Calculating Fourier Integral with a Change of Variable | Homework Help

[mhill]

Homework Statement

calculate the Fourier transform $$\int_{-\infty}^{\infty}dx e^{iux} (a+x)^{-1/2}$$ and $$\int_{-\infty}^{\infty}dx e^{iux} (a-x)^{-1/2}$$

Homework Equations

see statement above

The Attempt at a Solution

i believe that making a change of variable (a+x)=t or (a-x)=t depending of the problem i can convert the initial problem into this one

$$\int_{-\infty}^{\infty}dx e^{iut} (t)^{-1/2}$$

and using the property of the square root $$(-x)^{1/2}=ix^{1/2}$$ with "i" the root of -1 then this integral is equal to the real valued integral

$$\int_{0}^{\infty}dt sin(ut) (t)^{-1/2}$$ which is for me easier to calculate, my question is if the reasoning made is correct or if i forgot a constant in the results.
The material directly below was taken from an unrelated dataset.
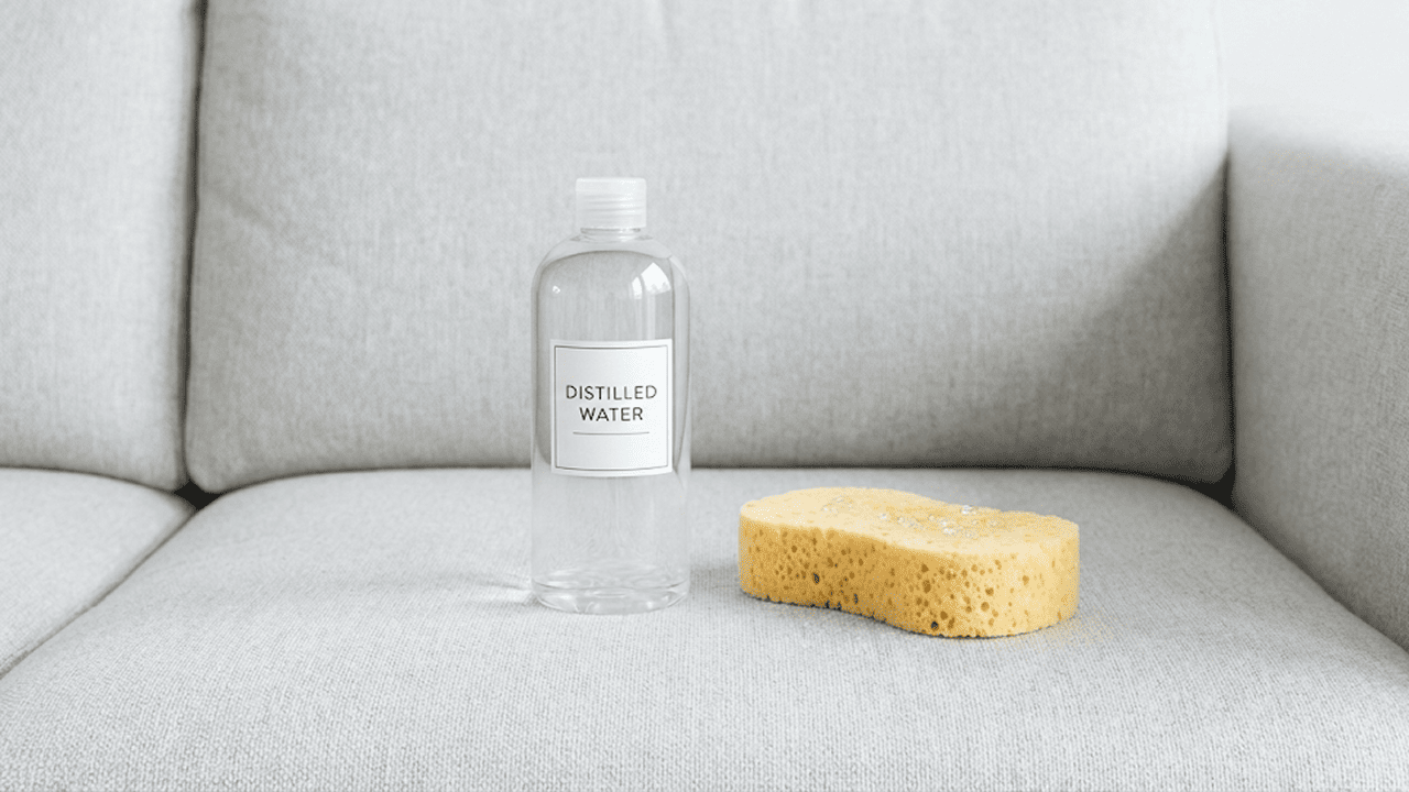 Nutze für die Reinigung von Polstermöbeln idealerweise destilliertes Wasser statt Leitungswasser. Du bekommst es günstig im Supermarkt (oft als „Bügelwasser“ bezeichnet) oder kannst das Kondenswasser aus Deinem Wäschetrockner verwenden. Destilliertes Wasser enthält keine Mineralien und hinterlässt daher keine Kalkränder – das ist der Unterschied zwischen sichtbaren Flecken und unsichtbarer Reinigung.

also using distribution theory and tables i reachet to the result

$$\int_{-\infty}^{\infty}dx e^{iux} (x)^{-1/2}=C(-iu)^{-1/2}sgn(u)$$ with 'C' a constant relating $$\Gamma (-1/2)$$ and $$-i\pi$$ sgn(x) is the sign function that values -1 for negative values and 1 for positive ones.

 

[mighty2000]

Your approach is correct. By making the change of variables, you have transformed the integrals into a more manageable form. However, you may need to be careful with the limits of integration when making the substitution. In the first integral, the limits should be from 0 to infinity and in the second integral, the limits should be from -infinity to 0. This is because when you substitute t = a + x, you are essentially shifting the integration limits as well. As for the constant, it will depend on the value of a. If a is positive, then the constant will be 1, but if a is negative, the constant will be -1. This can be seen by plugging in a = 1 into the original integrals and comparing it to the result you obtained using distribution theory. I hope this helps. Good luck with your calculations!